Trainer Jürgen Klopp, nicht nur für Freunde der "Kloppo", balanciert im nunmehr vierten Jahr ohne Schwindel zwischen Professionalität - schon in der Halbzeitpause seziert er Spiele per Videoanalyse - und Vergnügen. Im "ewerk" schaltete Klopp in den Feiermodus, rockte die Party mit EhefrauUlla bis 5.47 Uhr und versicherte jedem, wie stolz er auf seine Mannschaft sei. Dem "Spiegel" hat Klopp mal erklärt, dass er keine Lust habe, "einen Vollidioten dabeizuhaben, nur weil er ein bisschen besser kicken kann". Zur Marken-DNA gehört die Achtung der Fans. Beim Gang zur Party nahm sich jeder BVB-Profi die Zeit für Fotos mit den Fans, obwohl ihre Frauen mit ihren hautengen Minikleidchen in der Berliner Kälte bibberten.

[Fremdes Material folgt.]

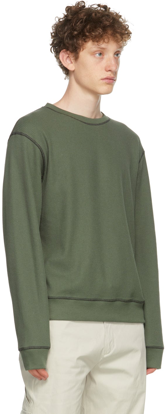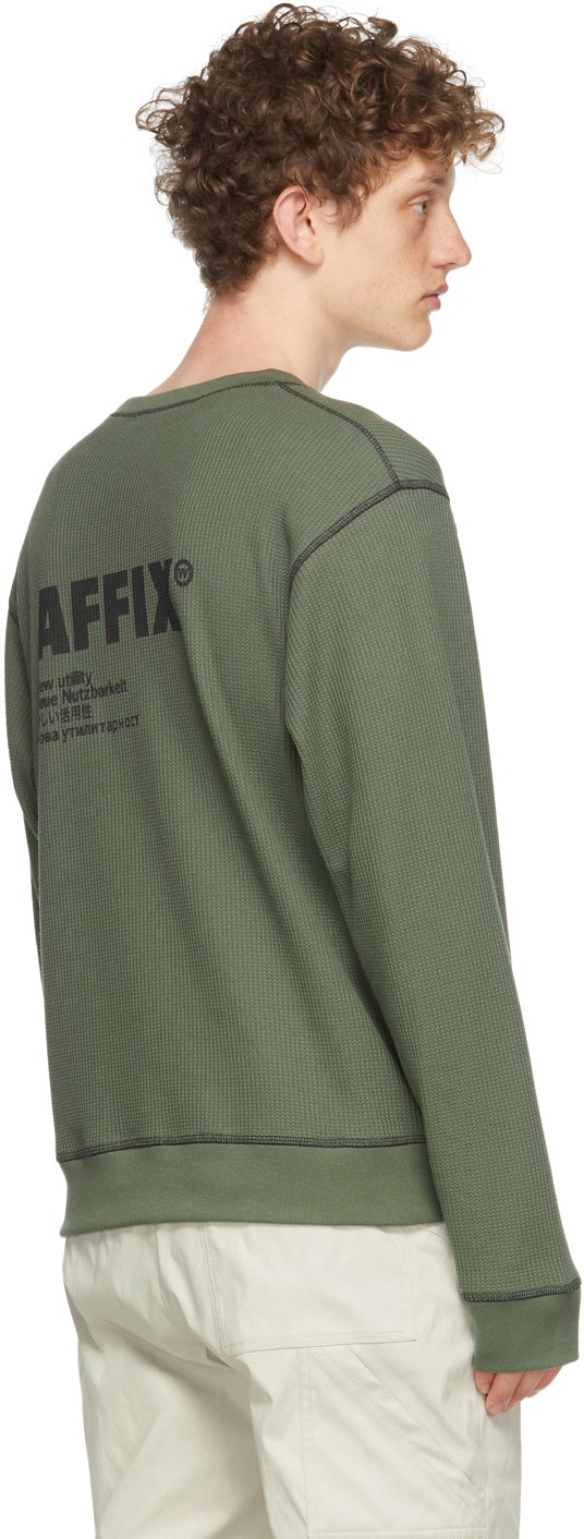 Long sleeve waffle knit cotton-blend sweatshirt in green. Rib knit crewneck collar, cuffs, and hem. Logo printed in black at back. Contrast stitching in black. Supplier color: Field green 50% cotton, 50% recycled polyester. Brand: Affix
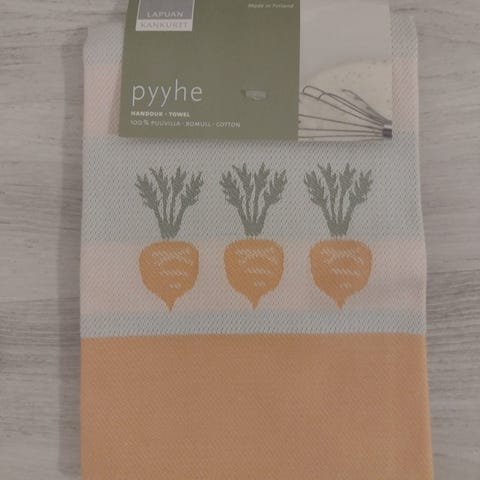 Myydään uudet (laput paikoillaan) Lapuan kankureiden laadukkaat, pellavaiset iso laudeliina 46×150cm ja saunatyyny 20×46cm.
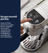 Рожковая кофеварка Delonghi подарит вам идеальный кофейный опыт в комфорте вашего дома. Благодаря цветным сенсорным иконкам на панели управления вы можете легко приготовить любимые напитки - эспрессо, двойной эспрессо или освежающий Cold Brew, который готовится за 5 минут.
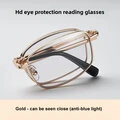 Anti Blue Light multifokale læsebriller, bærbare sammenfoldelige presbyopiske briller til både nær- og fjernsyn, briller med guldramme
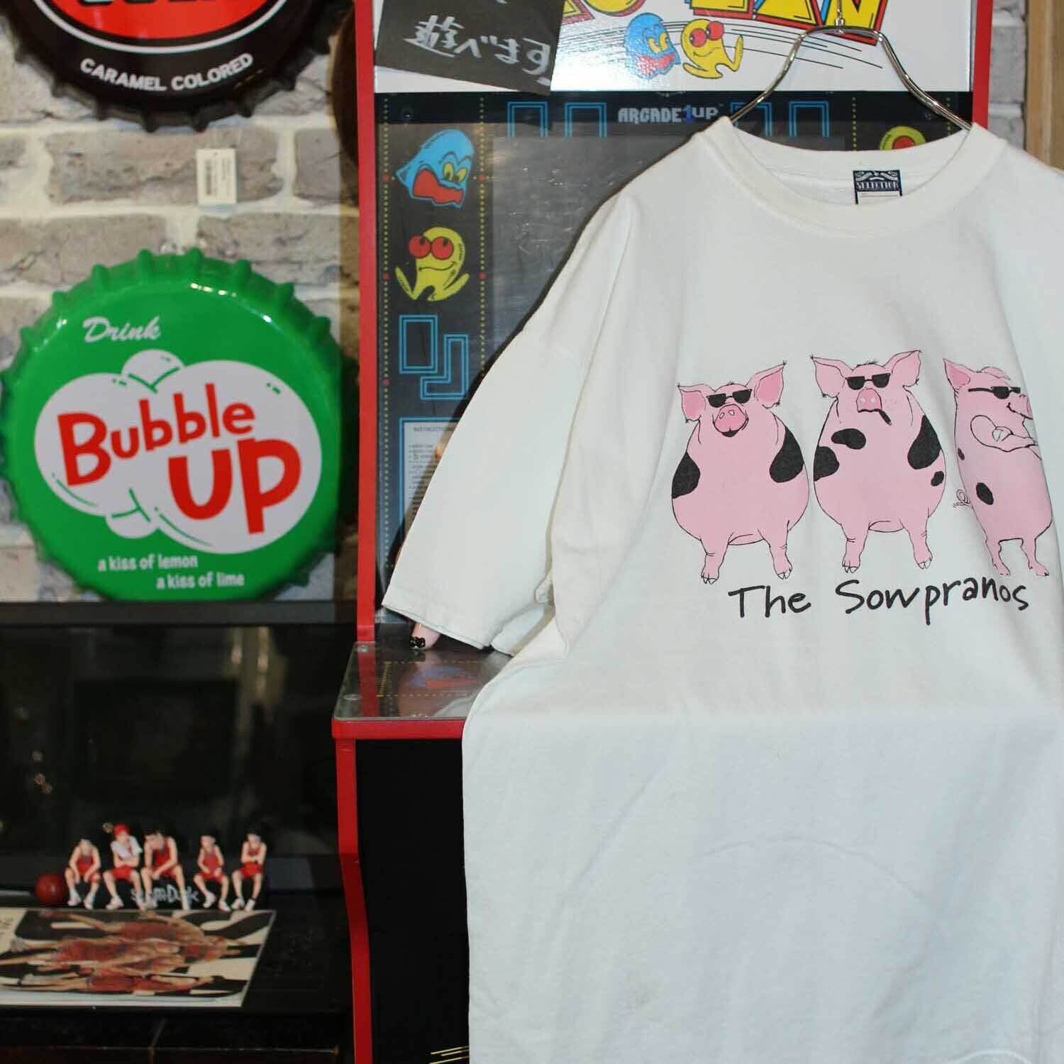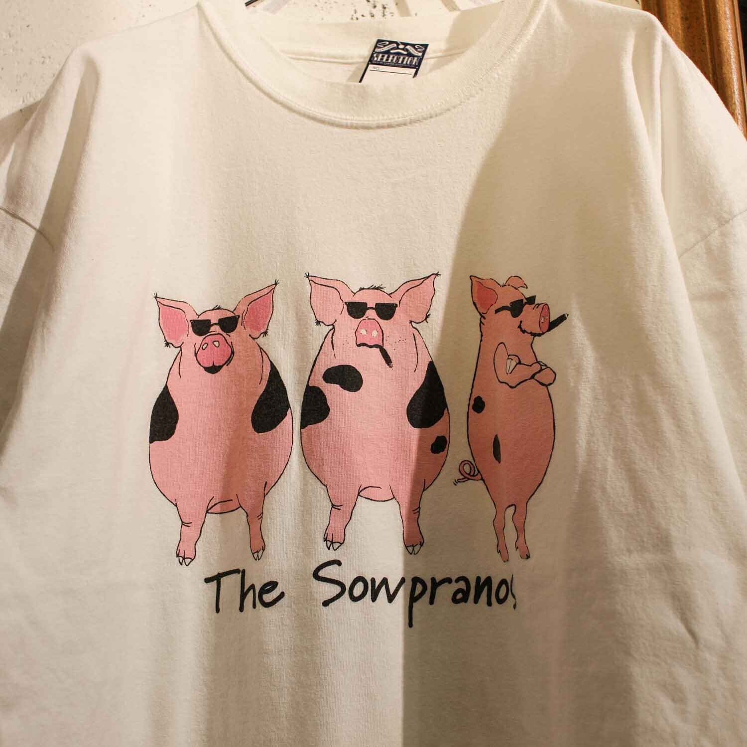 The Sowpranos アメリカ マフィア ヴィンテージ TVドラマ Tシャツ 90's ホワイト アニマル 豚 1999年 【furugi-1134】

Mit Dreitagebart und lockeren Sprüchen wirkt Klopp wie ein Kumpel-Typ. Wie sehr das täuscht, wissen neue Spieler, wenn sie Dinge öffentlich äußern, die dem Meister nicht gefallen. Dann sagt Klopp vor versammelter Mannschaft gern: "Du, ich bin ein bisschen blöd, erklär doch mal, wie du das gemeint hast."

Schwarz-gelbe Nadelstiche gegen den großen Rivalen setzt in Dortmund die Chefetage. Im "ewerk" übernahm dies Watzke: "Ich habe gelesen, die Münchner wollten heute zeigen, wo der Hammer hängt. Ich kann nur sagen, der Hammer hängt in Dortmund."

Der Angriff der Borussia auf die Vormachtstellung des FC Bayern hat längst begonnen.